Restate every line below word for word, but drop each picture.

▸ **Input data**:
------------------------
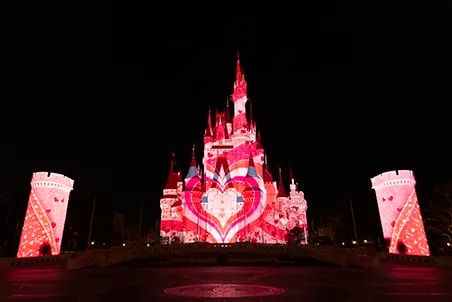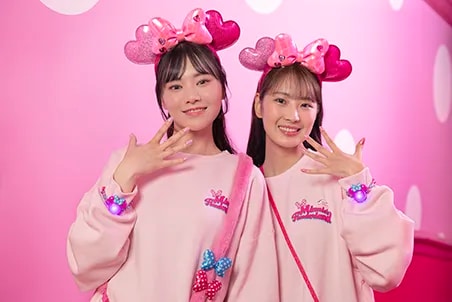 昼も夜もピンクに彩られたパークで、おそろいの身につけグッズや、ハートをモチーフにしたグッズを使って仲間といっしょに一日中楽しんじゃおう!
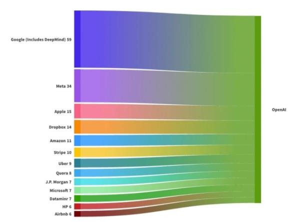 LeadGenius 和 Punks & Pinstripes 的數據顯示,該公司兩百多名員工中有許多來自 Alphabet 公司。數據顯示,OpenAI 目前雇傭了約 59 名前谷歌員工和約 34 名前 Meta 員工。該公司還雇傭了幾名前蘋果和亞馬遜員工。
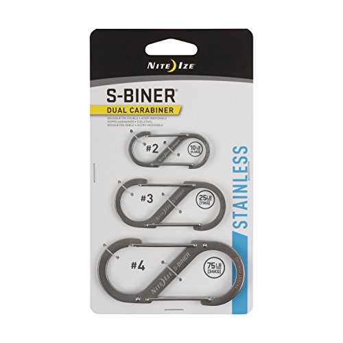 Nite Ize S-Biner Dual Carabiners, Stainless-Steel, Assorted 3-Pack, Sizes 2, 3, 5
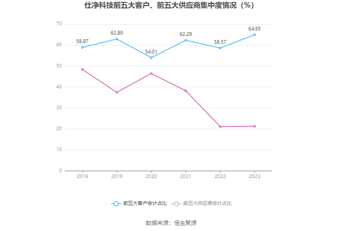 报告期内,公司前五大客户合计销售金额22.36亿元,占总销售金额比例为64.95%,公司前五名供应商合计采购金额8.43亿元,占年度采购总额比例为21.27%。
------------------------
▸ **Solution for this exercise**:
 昼も夜もピンクに彩られたパークで、おそろいの身につけグッズや、ハートをモチーフにしたグッズを使って仲間といっしょに一日中楽しんじゃおう!
 LeadGenius 和 Punks & Pinstripes 的數據顯示,該公司兩百多名員工中有許多來自 Alphabet 公司。數據顯示,OpenAI 目前雇傭了約 59 名前谷歌員工和約 34 名前 Meta 員工。該公司還雇傭了幾名前蘋果和亞馬遜員工。
 Nite Ize S-Biner Dual Carabiners, Stainless-Steel, Assorted 3-Pack, Sizes 2, 3, 5
 报告期内,公司前五大客户合计销售金额22.36亿元,占总销售金额比例为64.95%,公司前五名供应商合计采购金额8.43亿元,占年度采购总额比例为21.27%。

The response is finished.